**GIVEN MATERIAL**
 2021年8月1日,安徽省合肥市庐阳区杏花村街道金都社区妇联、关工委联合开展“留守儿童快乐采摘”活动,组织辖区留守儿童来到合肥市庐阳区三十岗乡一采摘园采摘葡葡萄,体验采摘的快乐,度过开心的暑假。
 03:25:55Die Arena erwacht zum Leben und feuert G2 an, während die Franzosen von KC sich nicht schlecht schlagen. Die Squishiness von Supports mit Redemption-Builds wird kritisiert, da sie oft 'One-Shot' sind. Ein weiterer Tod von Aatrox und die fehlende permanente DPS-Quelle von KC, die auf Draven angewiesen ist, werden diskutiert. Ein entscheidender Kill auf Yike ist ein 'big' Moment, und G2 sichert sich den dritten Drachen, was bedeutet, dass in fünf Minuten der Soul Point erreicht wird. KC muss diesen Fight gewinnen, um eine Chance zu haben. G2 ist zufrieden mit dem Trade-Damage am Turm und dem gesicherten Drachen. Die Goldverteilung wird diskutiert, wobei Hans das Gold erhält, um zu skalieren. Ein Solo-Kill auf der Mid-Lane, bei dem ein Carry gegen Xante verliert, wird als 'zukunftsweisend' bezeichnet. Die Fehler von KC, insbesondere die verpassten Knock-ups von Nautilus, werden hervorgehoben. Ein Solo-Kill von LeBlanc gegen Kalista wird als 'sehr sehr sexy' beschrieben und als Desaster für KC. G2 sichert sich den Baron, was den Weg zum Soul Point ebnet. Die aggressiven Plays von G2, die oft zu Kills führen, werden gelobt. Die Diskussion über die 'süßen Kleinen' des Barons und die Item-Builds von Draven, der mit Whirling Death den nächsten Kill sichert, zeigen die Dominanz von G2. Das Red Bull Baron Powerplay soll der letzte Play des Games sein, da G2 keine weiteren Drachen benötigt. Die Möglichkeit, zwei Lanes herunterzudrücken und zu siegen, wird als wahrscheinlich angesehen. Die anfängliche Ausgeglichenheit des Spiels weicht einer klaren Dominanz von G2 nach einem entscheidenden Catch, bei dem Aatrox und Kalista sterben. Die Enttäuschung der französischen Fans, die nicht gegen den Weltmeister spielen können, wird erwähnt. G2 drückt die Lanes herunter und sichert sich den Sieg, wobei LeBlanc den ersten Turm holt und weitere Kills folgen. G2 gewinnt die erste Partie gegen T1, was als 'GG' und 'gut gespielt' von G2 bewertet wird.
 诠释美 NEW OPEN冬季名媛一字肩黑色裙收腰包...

**THE PROBLEM**
Return an exact copy of only the lines from the one with "03:25:55Die Arena erwacht" through the end of the listing above, both included.

**YOUR SOLUTION**
 03:25:55Die Arena erwacht zum Leben und feuert G2 an, während die Franzosen von KC sich nicht schlecht schlagen. Die Squishiness von Supports mit Redemption-Builds wird kritisiert, da sie oft 'One-Shot' sind. Ein weiterer Tod von Aatrox und die fehlende permanente DPS-Quelle von KC, die auf Draven angewiesen ist, werden diskutiert. Ein entscheidender Kill auf Yike ist ein 'big' Moment, und G2 sichert sich den dritten Drachen, was bedeutet, dass in fünf Minuten der Soul Point erreicht wird. KC muss diesen Fight gewinnen, um eine Chance zu haben. G2 ist zufrieden mit dem Trade-Damage am Turm und dem gesicherten Drachen. Die Goldverteilung wird diskutiert, wobei Hans das Gold erhält, um zu skalieren. Ein Solo-Kill auf der Mid-Lane, bei dem ein Carry gegen Xante verliert, wird als 'zukunftsweisend' bezeichnet. Die Fehler von KC, insbesondere die verpassten Knock-ups von Nautilus, werden hervorgehoben. Ein Solo-Kill von LeBlanc gegen Kalista wird als 'sehr sehr sexy' beschrieben und als Desaster für KC. G2 sichert sich den Baron, was den Weg zum Soul Point ebnet. Die aggressiven Plays von G2, die oft zu Kills führen, werden gelobt. Die Diskussion über die 'süßen Kleinen' des Barons und die Item-Builds von Draven, der mit Whirling Death den nächsten Kill sichert, zeigen die Dominanz von G2. Das Red Bull Baron Powerplay soll der letzte Play des Games sein, da G2 keine weiteren Drachen benötigt. Die Möglichkeit, zwei Lanes herunterzudrücken und zu siegen, wird als wahrscheinlich angesehen. Die anfängliche Ausgeglichenheit des Spiels weicht einer klaren Dominanz von G2 nach einem entscheidenden Catch, bei dem Aatrox und Kalista sterben. Die Enttäuschung der französischen Fans, die nicht gegen den Weltmeister spielen können, wird erwähnt. G2 drückt die Lanes herunter und sichert sich den Sieg, wobei LeBlanc den ersten Turm holt und weitere Kills folgen. G2 gewinnt die erste Partie gegen T1, was als 'GG' und 'gut gespielt' von G2 bewertet wird.
 诠释美 NEW OPEN冬季名媛一字肩黑色裙收腰包...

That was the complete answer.